CXXFLAGS += -std=c++14 -D__TIMER__ -I$(XILINX_HLS)/include/ -I${SYSROOT}/usr/include/xrt/ -O0 -g -Wall -c -fmessage-length=0 --sysroot=${SYSROOT} -I${XILINX_VITIS}/aietools/include ${HOST_INC}

To run it in hardware, use the following make command to build the hardware image:

make package TARGET=hw

After the package is done, run the following commands in the Linux prompt after booting Linux from an SD card:

export XILINX_XRT=/usr
cd /run/media/mmcblk0p1
./host.exe a.xclbin

The output in hardware is as follows:

GMIO::malloc completed
Throughput (by timer GMIO in num=1,out num=1):5076.64M Bytes/s
Throughput (by timer GMIO in num=2,out num=2):8335.5M Bytes/s
Throughput (by timer GMIO in num=4,out num=4):9543.97M Bytes/s
Throughput (by timer GMIO in num=8,out num=8):9717.18M Bytes/s
Throughput (by timer GMIO in num=16,out num=16):10154.1M Bytes/s
Throughput (by timer GMIO in num=32,out num=32):10246.8M Bytes/s
AIE GMIO PASSED!
GMIO::free completed
PASS!

Profile by AI Engine cycles got from AI Engine kernels

In this design, the AI Engine cycles output at the end of each iteration. Each iteration produces 256 int32 data, plus a long long AI Engine cycle counter number. The very beginning cycle and the last cycle of all the AI Engine kernels to be profiled are recorded because multiple AI Engine kernels start at different cycles though they are enabled by the same graph::run. Thus, the system throughput for all the kernels can be calculated.

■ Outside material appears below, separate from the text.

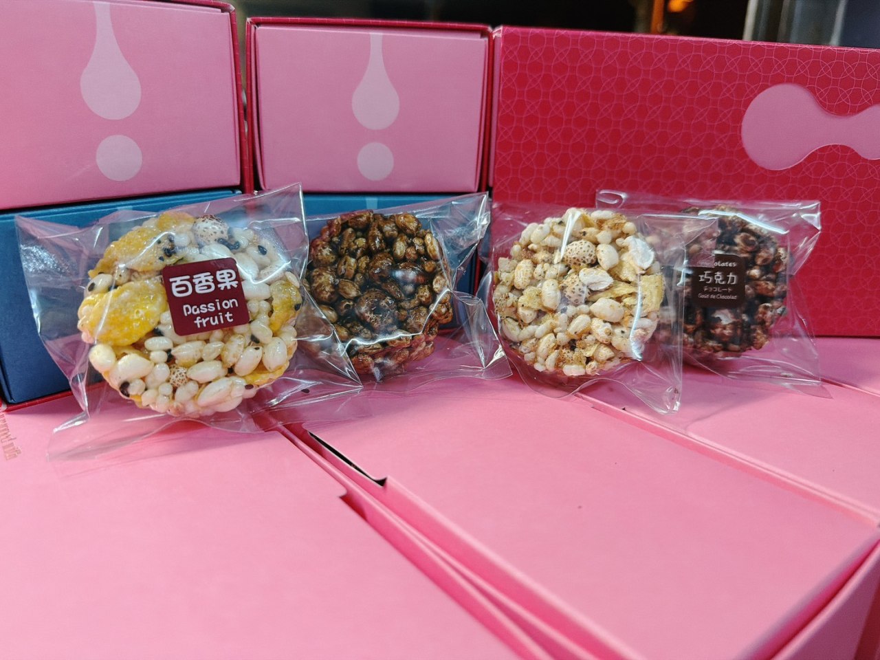 米香(2種口味: 茭白筍/百香果): 百香果米香|脆響清爽,果香輕盈入口瞬間,米粒在齒間清脆迸裂,顆顆分明卻不黏牙;隨著咀嚼,百香果的香氣慢慢釋放。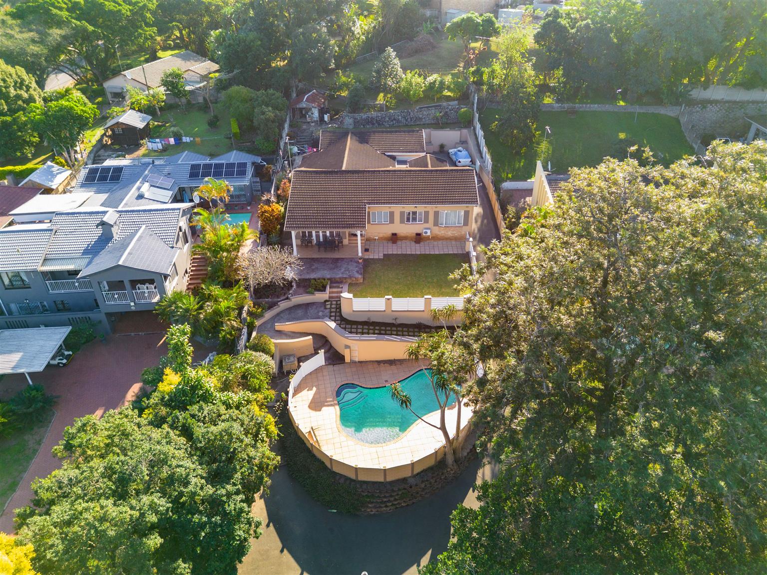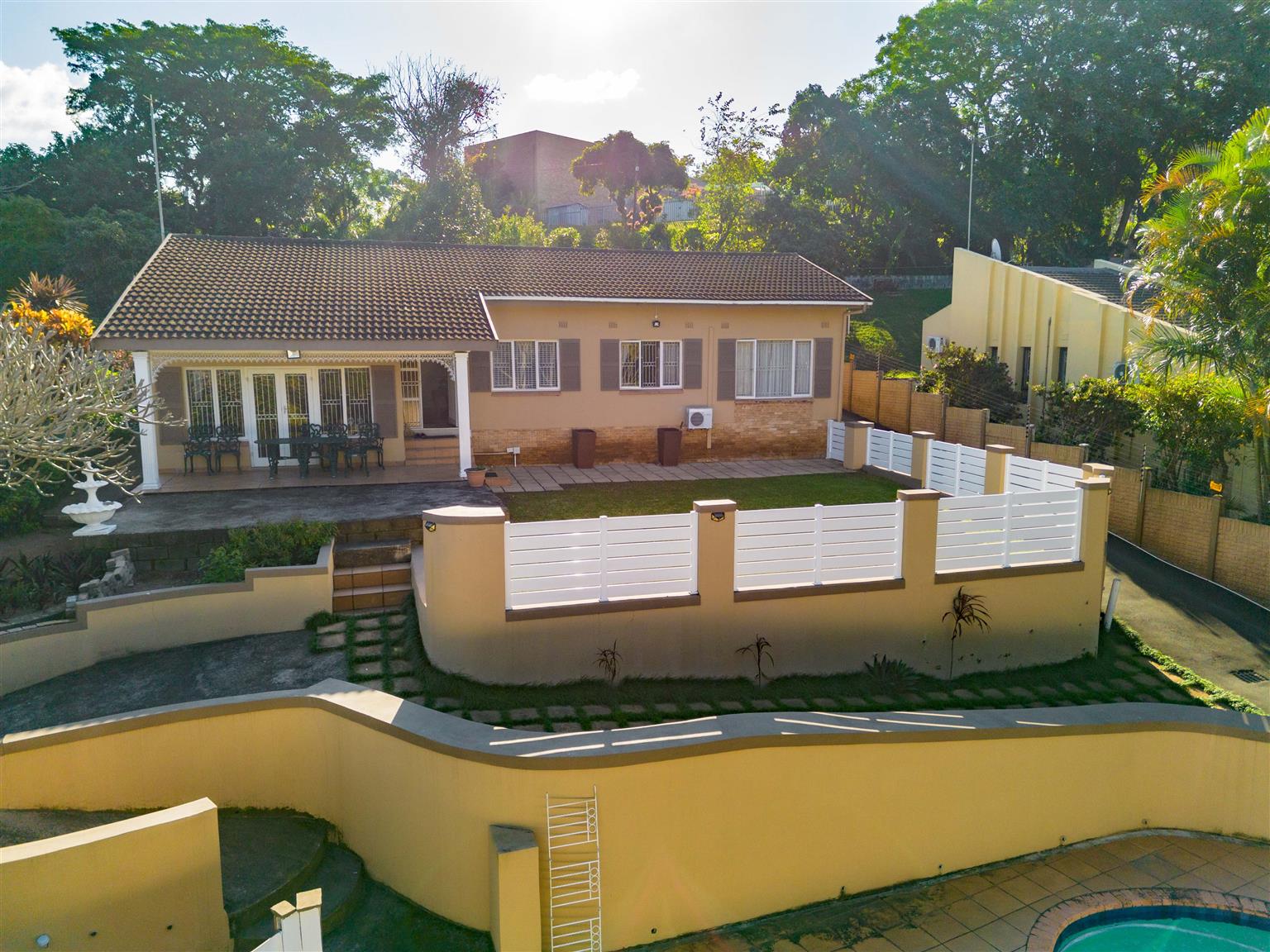 A versatile detached outbuilding offers endless possibilities: use it as a granny flat with a bedroom, open-plan kitchen, and lounge for extended family, or transform it into a home office or studio for remote work or creative hobbies. Outdoors, a fully fenced-off swimming pool ensures safe family fun, while a manicured garden provides a tranquil space for play or relaxation.

Note that there is some gap between the actual performance and the calculated number because there is already some data transfer before the recorded starting cycle. However, the overhead is negligible when the total iteration number is high, which is 512 in this example.

The code to get AI Engine cycles and calculate the system throughput is as follows:

long long start[32];
long long end[32];
long long very_beginning=0x0FFFFFFFFFFFFFFF;
long long the_last=0;
for(int i=0;i<num;i++){
  start[i]=*(long long*)&doutArray[i][256];
  end[i]=*(long long*)&doutArray[i][BLOCK_SIZE_out_Bytes/sizeof(int)-2];
  if(start[i]<very_beginning){
    very_beginning=start[i];
  }
  if(end[i]>the_last){
    the_last=end[i];
  }
}
std::cout<<"Throughput (by AIE kernel cycles in="<<num<<",out="<<num<<") ="<<(double)(BLOCK_SIZE_in_Bytes+BLOCK_SIZE_out_Bytes)*num/(double)(the_last-very_beginning)*1000<<"M Bytes/s"<<std::endl;

The code is guarded by macro __AIE_CYCLES__. To use this method of profiling, define __AIE_CYCLES__ for g++ cross compiler in sw/Makefile:

CXXFLAGS += -std=c++14 -D__AIE_CYCLES__ -I$(XILINX_HLS)/include/ -I${SYSROOT}/usr/include/xrt/ -O0 -g -Wall -c -fmessage-length=0 --sysroot=${SYSROOT} -I${XILINX_VITIS}/aietools/include ${HOST_INC}

The commands to build and run in hardware are the same as previously shown. The output in hardware is as follows:

GMIO::malloc completed
Throughput (by AIE kernel cycles in=1,out=1) =6545.68M Bytes/s
Throughput (by AIE kernel cycles in=2,out=2) =10267.4M Bytes/s
Throughput (by AIE kernel cycles in=4,out=4) =11036.8M Bytes/s
Throughput (by AIE kernel cycles in=8,out=8) =10807.9M Bytes/s
Throughput (by AIE kernel cycles in=16,out=16) =10958.2M Bytes/s
Throughput (by AIE kernel cycles in=32,out=32) =10892.8M Bytes/s
AIE GMIO PASSED!
GMIO::free completed
PASS!

Profile by event API

The AI Engine has hardware performance counters and can be configured to count hardware events for measuring performance metrics. The API used in this example is to profile graph throughput regarding the specific GMIO port. There may be confliction when multiple GMIO ports are used for event API because of the restriction that performance counter is shared between GMIO ports that access the same AI Engine-PL interface column. Thus, only one GMIO output is profiled to show this methodology.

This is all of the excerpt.